Она спрашивала с придыхом, пугаясь, волнуясь и радуясь, – все вместе, и я сказал:

– Пруд.

– Ну хорошо, пусть пруд. А еще что?

– Сад.

– А в саду?

Она не знала, как люто не любил я ее в эту минуту, – за Дудкина не любил, за свой пропавший, приготовленный ему рассказ о коммуне, за не замеченный никем тут пиджак…

– Что же было в коммунарском саду?

– Яма, – вяло сказал я. – А там теленок… Сидит и чуть дышит…

Под хохот всех учительница горестно сказала, что не мне бы жить в коммуне, не мне! Наверно, она разгадала, что я мысленно сказал ей по-«шыр-на-выровски», потому что худшего ученика, чем я, среди четверяков для нее в ту зиму не было…

Вернись мы с теткой домой на Покров день, как она хотела, мы б опоздали на собрание, когда наш камышинский поп отрекался от бога. Собрание было в школе, на самый Покров день, вечером. Народу собралось – не пролезть: исполнители с самого утра гнали, а поп пришел поздно, и я впервые увидел его тогда одетого не в рясу, а в полушубок и штаны, как все мужики. Разом с попом, сзади, на собрание пришли председатель сельсовета, уполномоченный из Лугани и милиционер Голуб. Он был как на картинке о войне – в желтых перекрестных ремнях, с наганом и саблей. До этого я видел раза два Голуба верхом на коне.
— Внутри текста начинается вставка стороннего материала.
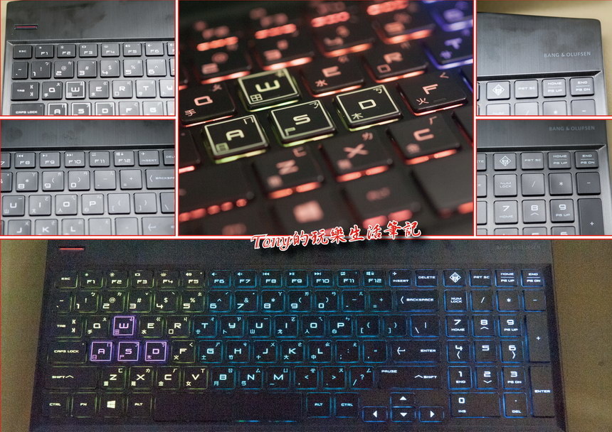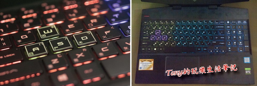 ▲鍵盤一共分為四區,特別是《A、W、S、D》四鍵獨立為一區,除了鍵面上有特別加框標示,就連燈光都能利用內建搭配的控制軟體去做這四區的燈光顏色改變。這我只見過全區是同一燈光顏色,且是固定不能變色的,第一次在《HP OMEN 15筆記型電競電腦》上看到這樣的設計,也是能瞭解這真的是為了電競玩家再特別增加的新功能,不得不說這對電競玩家真是非常貼心的設計。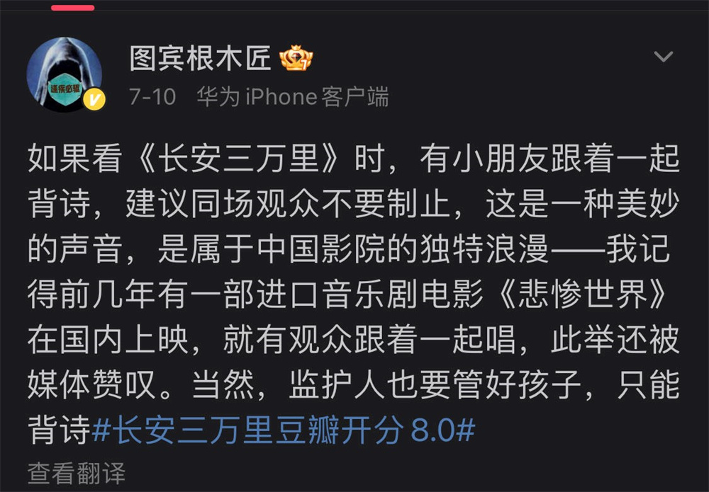 影片上映后,影评人@图宾根木匠发表微博表示,“如果有小朋友跟着一起背诗,建议同场观众不要制止,这是一种美妙的声音,是属于中国影院的独特浪漫。”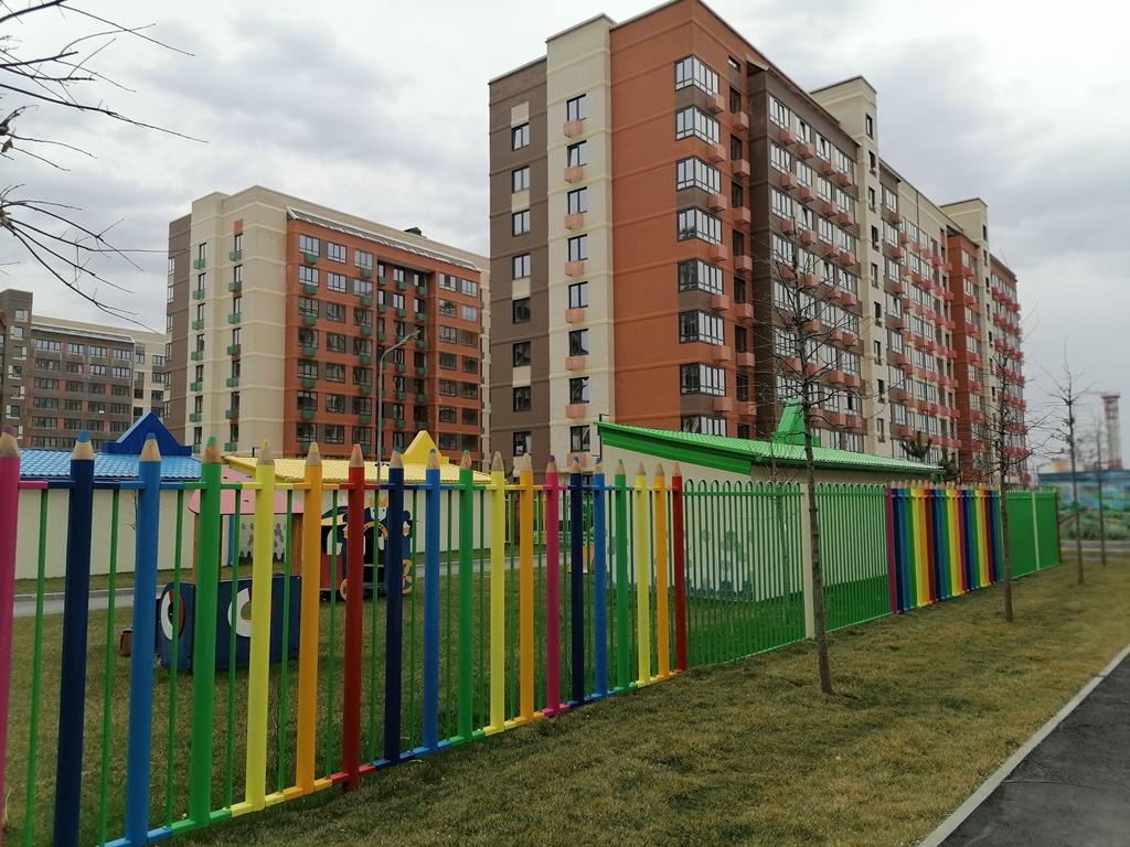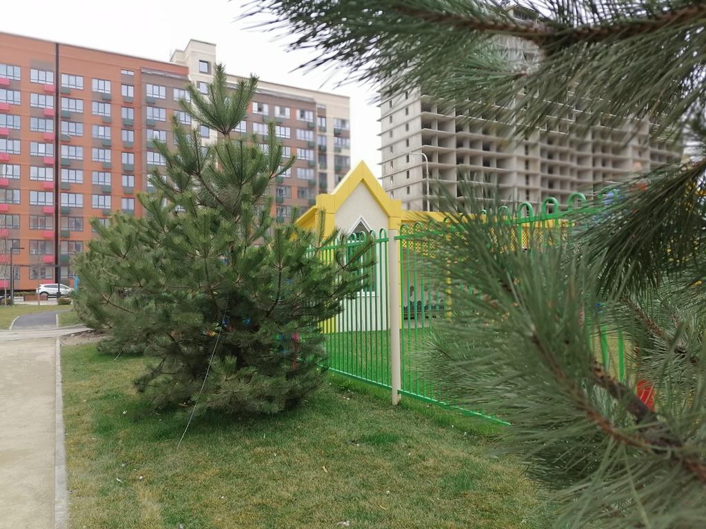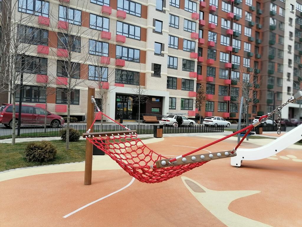 На территории комплекса три детских сада, школа, поликлиника, фонтан и парк 6 га. Тематические детские и технологические воркаут площадки, благоустроенная территория, много зелени.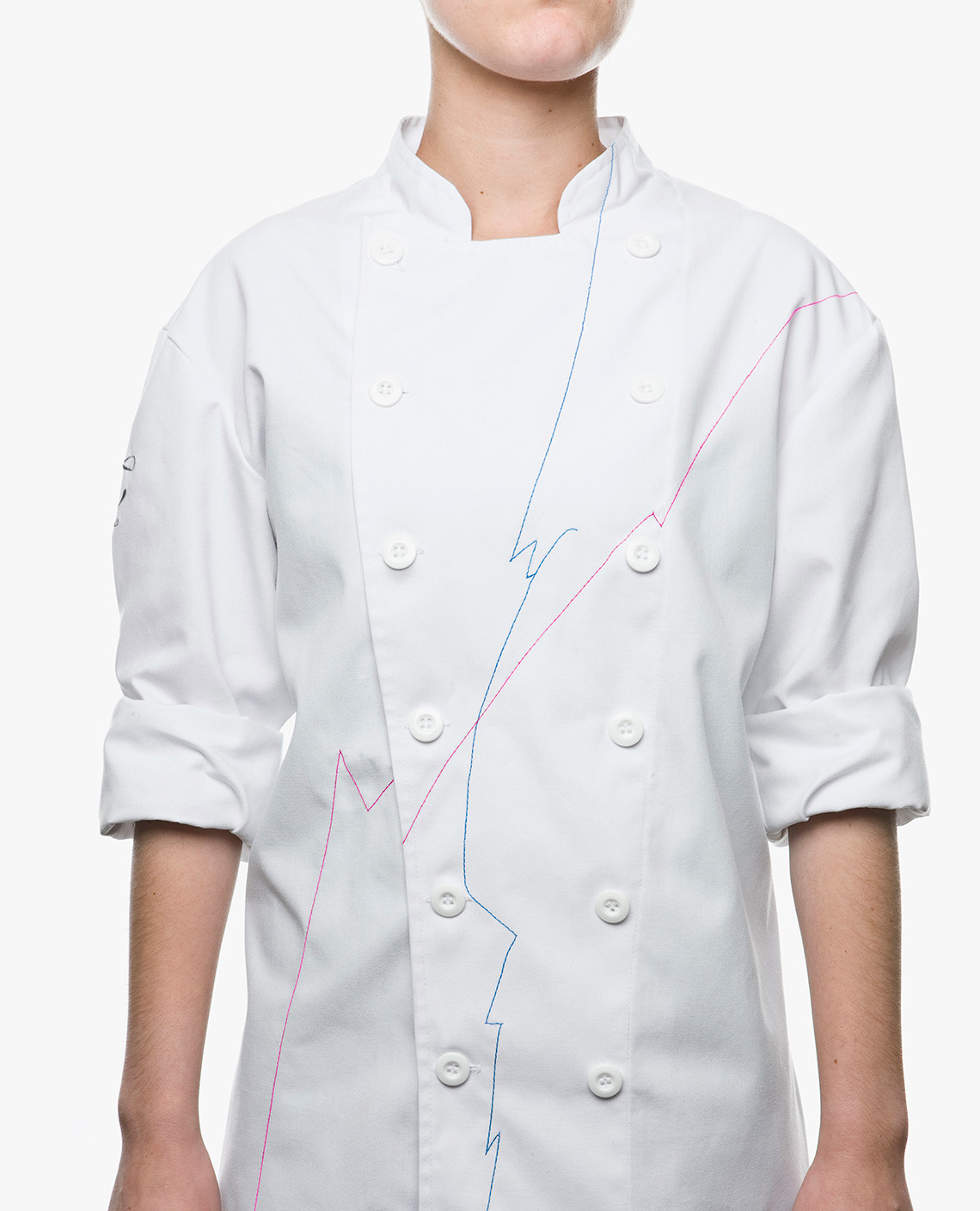 We placed two lines in cyan and magenta, as a relation with a modern French flag.

Серый, в яблоках, под высоким – казацким, говорили, – седлом, голубовский конь не мог быть ни жеребцом, ни кобылой, ни мерином, а только конем, как на войне. Все, что я знал к тому времени из школьных книжек о Ковтюхе и Чапаеве, все это сошлось и остановилось для меня на живом, а не картиночном герое – на Голубе. В черном с белыми выпушками коротком полушубке, в серой шапке-кубанке на ухо, в перекрестных боевых ремнях, с саблей и наганом по бокам и с винтовкой наискось за спиной Голуб-Ковтюх-Чапаев командовал не одной нашей Камышинкой – что она ему одна! – но и неведомыми мне селами за нами – Чикмаревкой, Гастомлей и Липовцем. Может, оттого ему и нельзя было ездить шагом или рысью, а только галопом, пригнувшись к гриве коня, как при атаке на белую конницу генерала Улагая…
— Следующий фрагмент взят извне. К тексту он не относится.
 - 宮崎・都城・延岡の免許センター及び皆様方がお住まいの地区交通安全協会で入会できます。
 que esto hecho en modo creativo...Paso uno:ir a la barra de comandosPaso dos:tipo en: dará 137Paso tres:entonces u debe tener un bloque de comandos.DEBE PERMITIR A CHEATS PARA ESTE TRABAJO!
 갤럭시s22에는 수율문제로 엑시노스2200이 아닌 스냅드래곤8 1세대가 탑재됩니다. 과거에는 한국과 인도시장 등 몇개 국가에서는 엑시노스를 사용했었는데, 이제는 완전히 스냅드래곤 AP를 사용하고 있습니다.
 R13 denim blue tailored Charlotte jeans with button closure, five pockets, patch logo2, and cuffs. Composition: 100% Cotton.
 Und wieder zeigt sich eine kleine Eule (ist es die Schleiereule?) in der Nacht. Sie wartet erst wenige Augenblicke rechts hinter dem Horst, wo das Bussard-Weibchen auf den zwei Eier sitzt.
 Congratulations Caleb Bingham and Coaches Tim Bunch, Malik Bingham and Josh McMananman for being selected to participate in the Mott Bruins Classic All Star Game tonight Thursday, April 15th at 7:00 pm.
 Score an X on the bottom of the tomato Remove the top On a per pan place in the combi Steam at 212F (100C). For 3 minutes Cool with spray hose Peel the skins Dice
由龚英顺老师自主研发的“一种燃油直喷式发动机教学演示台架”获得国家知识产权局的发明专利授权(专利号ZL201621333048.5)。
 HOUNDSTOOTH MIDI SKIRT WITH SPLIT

Когда поп зашел, то снял в дверях шапку и поклонился собранию сперва в пояс, потом два раза помельче – точь-в-точь как наш Царь председателю Лесняку. Все, кто сидел на партах, встали как виноватые, и до самого конца собрания я не увидел больше Голуба, – мы с теткой поместились в самом заду. Не виден нам был и поп – спины загораживали. Он негромко, но явственно сказал, что по науке бога нету и не было.

– Значит, ты умышленно обманывал веками трудящий народ?
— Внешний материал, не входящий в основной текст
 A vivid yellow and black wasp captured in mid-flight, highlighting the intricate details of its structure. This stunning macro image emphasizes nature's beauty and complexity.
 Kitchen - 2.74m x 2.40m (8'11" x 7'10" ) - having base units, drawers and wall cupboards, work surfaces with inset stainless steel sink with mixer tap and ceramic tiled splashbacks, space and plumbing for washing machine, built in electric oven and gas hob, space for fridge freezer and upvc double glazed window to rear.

Нам с теткой не видно было, кто спросил это – уполномоченный из Лугани или Голуб. Поп что-то ответил, но совсем неслышно, и тогда Голуб – я по военности голоса догадался, что это он, – крикнул:

– Ты мне тут не пой по малиновому мосту, а давай говори правду, как показывал раньше!

В школе наступила душная тишина, а поп все молчал и молчал, и тетка стала зачем-то быстро оглядываться и суетиться, будто искала кого. Тогда и погасла лампа. Она стояла на верхней перекладине нашей четверяковской доски – большая, двадцатилинейная, может, и все время моргала – пыхнет и прижмурится, пыхнет и прижмурится. В темноте сразу стало прохладней и просторней, – люди зашевелились.

– Обманывал или как?!

Конечно ж это опять крикнул Голуб – не успел при свете, и мне стало боязно и хотелось, чтобы поп скорей ответил ему.

– Ну?

– Заблуждался… с божьей помощью, – пискляво, с переливами сказал поп, но никто не засмеялся, потому что сразу же, справа от нас с теткой, от печки, услышался всеми – и Голубом тоже – угрожающе-обиженный голос Момича:

– Слышь ты, служба! Поиграл с человеком – и будя!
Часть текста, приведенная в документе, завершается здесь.